Our Service is not intended for children under 13 (or the applicable age in your jurisdiction). We do not knowingly collect personal information from children. If we become aware that we have collected information from a child, we will delete it immediately.

11. Third-Party Services and Integrations

11.1 Google Services

We comply with Google’s Limited Use requirements. Access limited to authentication and authorized data only. Your Google data remains under your control.

11.2 Microsoft Services

Adherence to Microsoft’s API Terms of Use. Minimal data access for service functionality. Secure token management and storage.

11.3 Amazon Services

Compliance with Amazon’s developer policies. Access restricted to necessary API endpoints. Transparent data usage disclosure.

11.4 Other Integrations

All third-party integrations follow industry standards. Data sharing governed by their terms and our agreements. You can revoke access at any time.

12. Changes to This Privacy Policy

We may update this Privacy Policy periodically to reflect changes in our practices or legal requirements. We will:

• Post the updated policy on our website
• Send email notifications for material changes
• Provide at least 30 days’ notice for significant updates
• Continue to respect your privacy choices

13. Contact Us

If you have questions about this Privacy Policy or our data practices:

BleedIO Tech, Inc.
851 Duportail Rd, 2nd Floor
Chesterbrook, PA 19087
Email: privacy@bleedio.com
Phone: [Insert Phone Number]

For data protection inquiries:
Email: dpo@bleedio.com

14. Additional Information for IoT Deployments

14.1 Data Controller Responsibilities

We act as a data processor for IoT device data you collect.

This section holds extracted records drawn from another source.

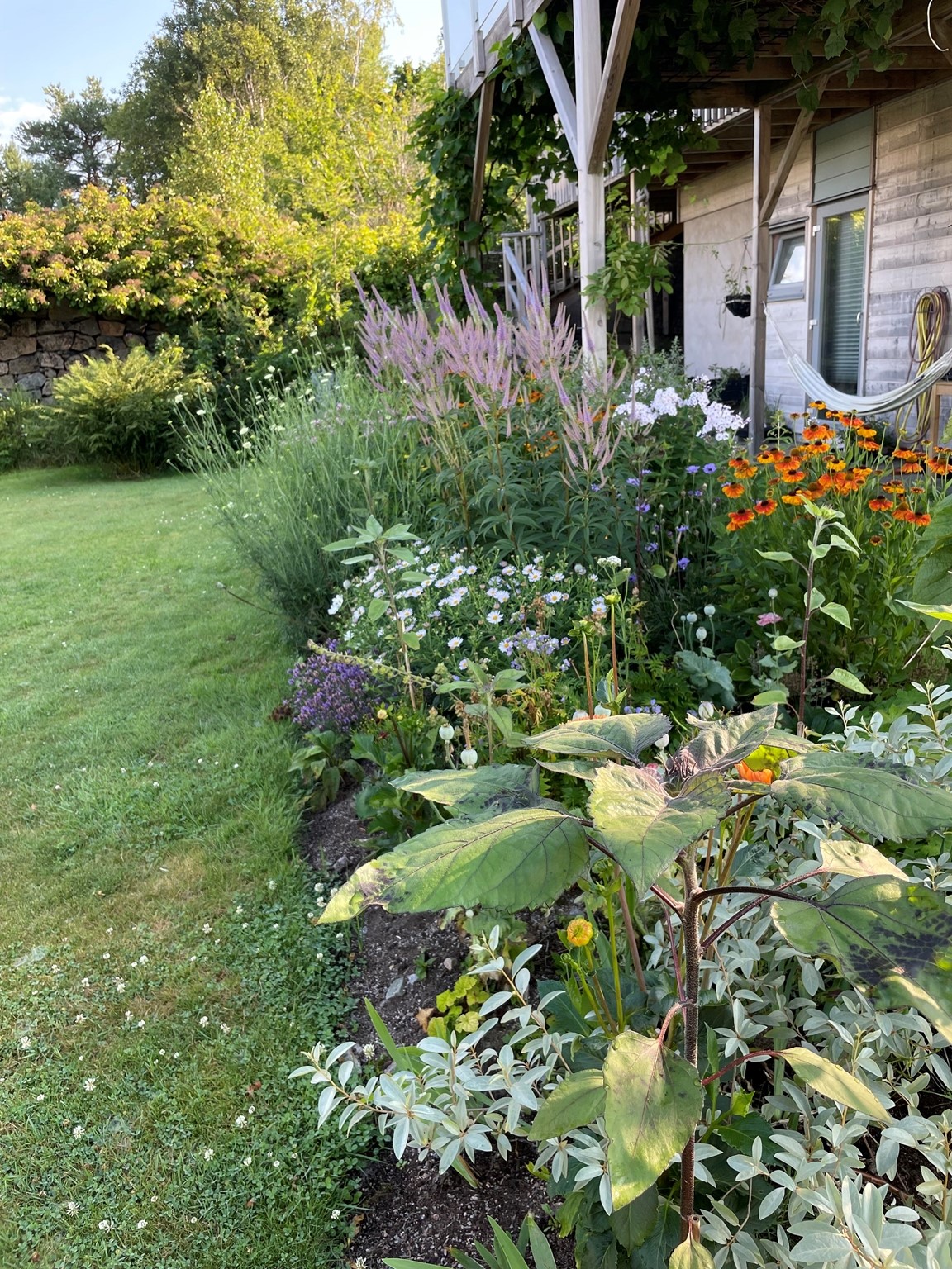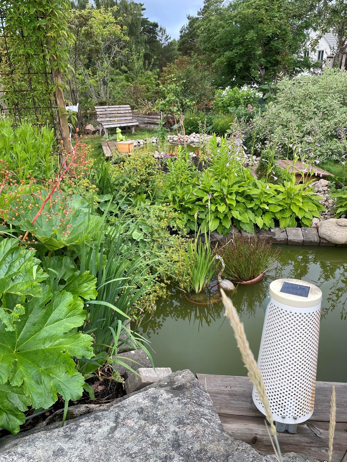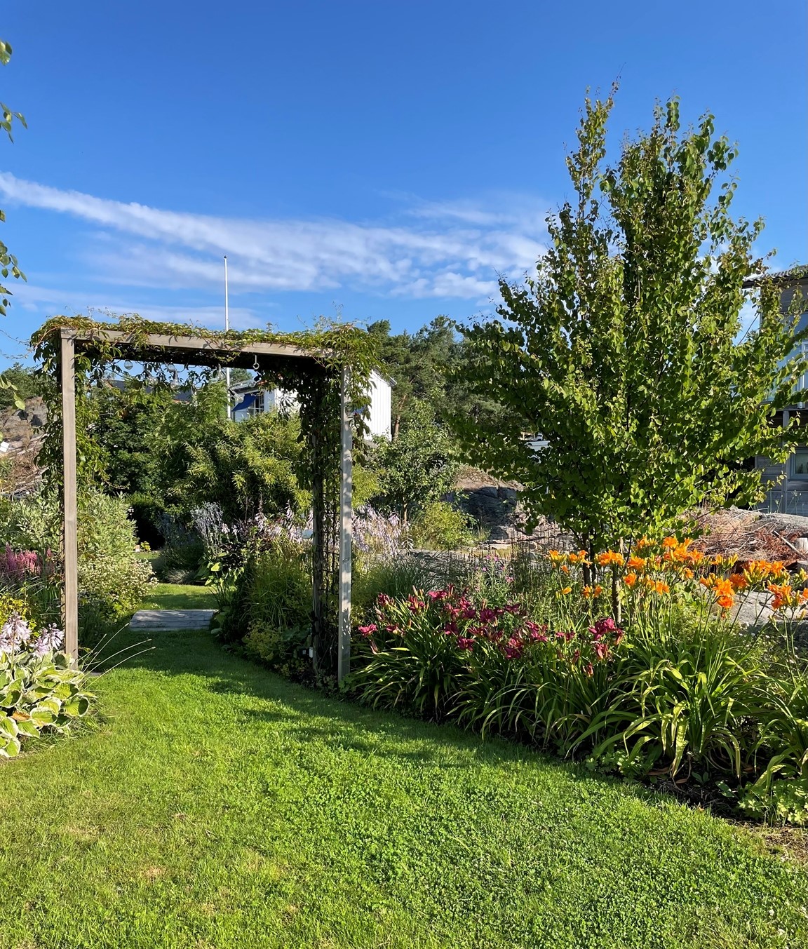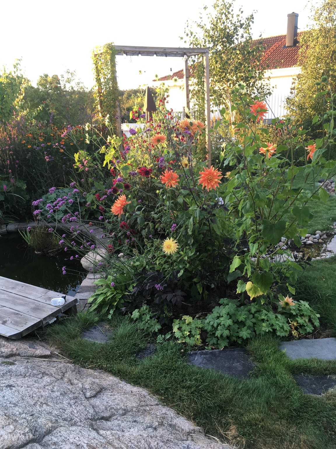 Villaträdgård på ett berg med sandjord och tallskog på baksidan. Mycket växter som tål torka. Två dammar.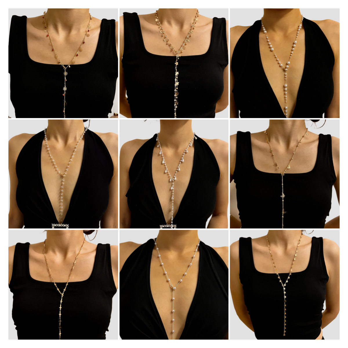 European and American Fashion Crystal Pearl Necklace Female Sexy Y-Shaped Long Necklace Tassel Dress Back Chain Neck Necklace Jewelry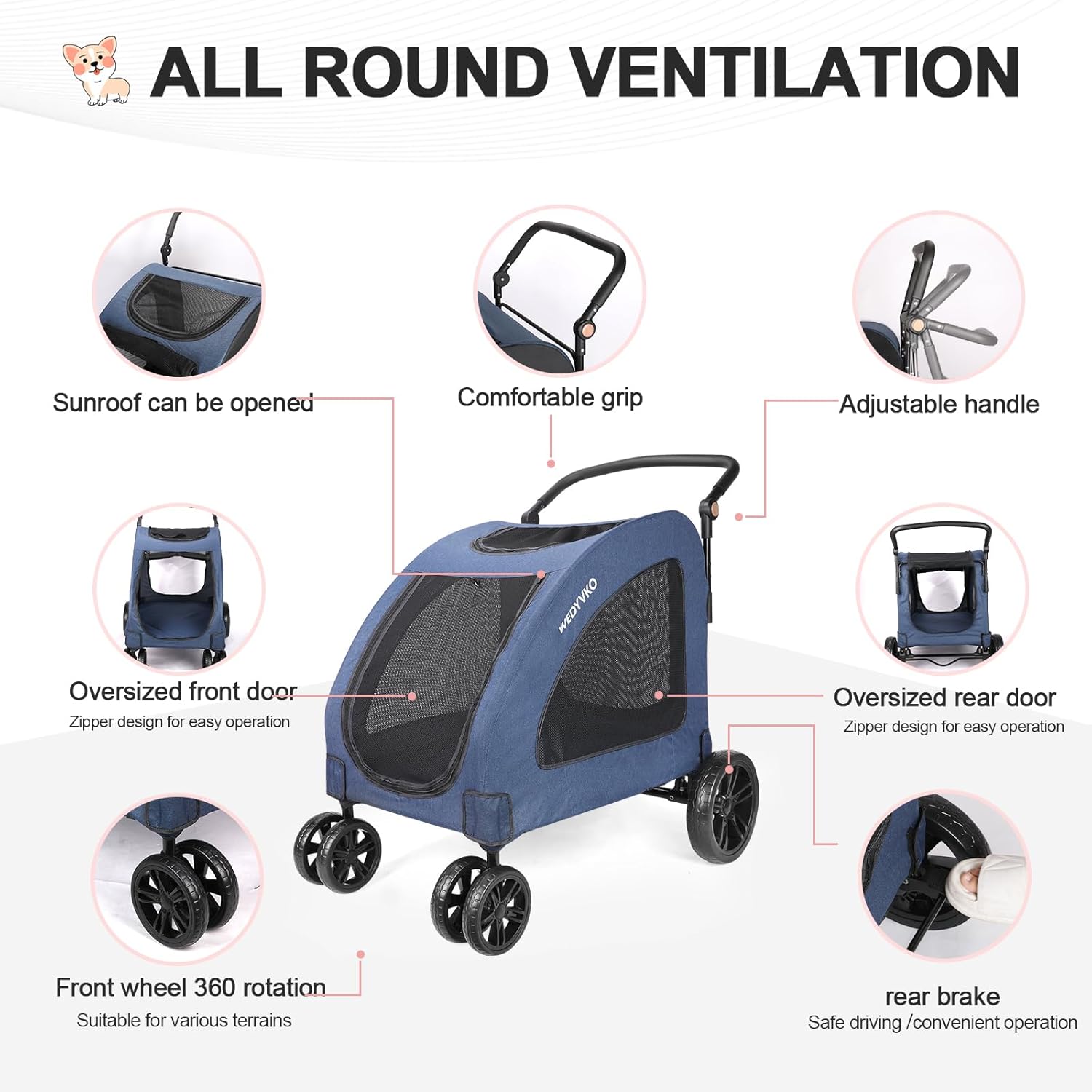 Large Dog Travel Stroller with 4 Heavy Duty Wheels Pet Stroller with Adjustable Handle - Double Doggie Capacity Jogger Wagon with Back Front Door for Small Medium Large Dogs (Navy)

You remain the data controller for end-user information. Clear delineation of responsibilities in our Data Processing Agreement.

14.2 Network Security

• End-to-end encryption for all mesh communications
• Regular security audits of IoT infrastructure
• Compliance with IoT security standards and frameworks

14.3 Data Localization

• Options for data residency in specific jurisdictions
• Compliance with local data sovereignty requirements
• Transparent data flow documentation

---

This Privacy Policy incorporates industry best practices and is specifically tailored for IoT network management services.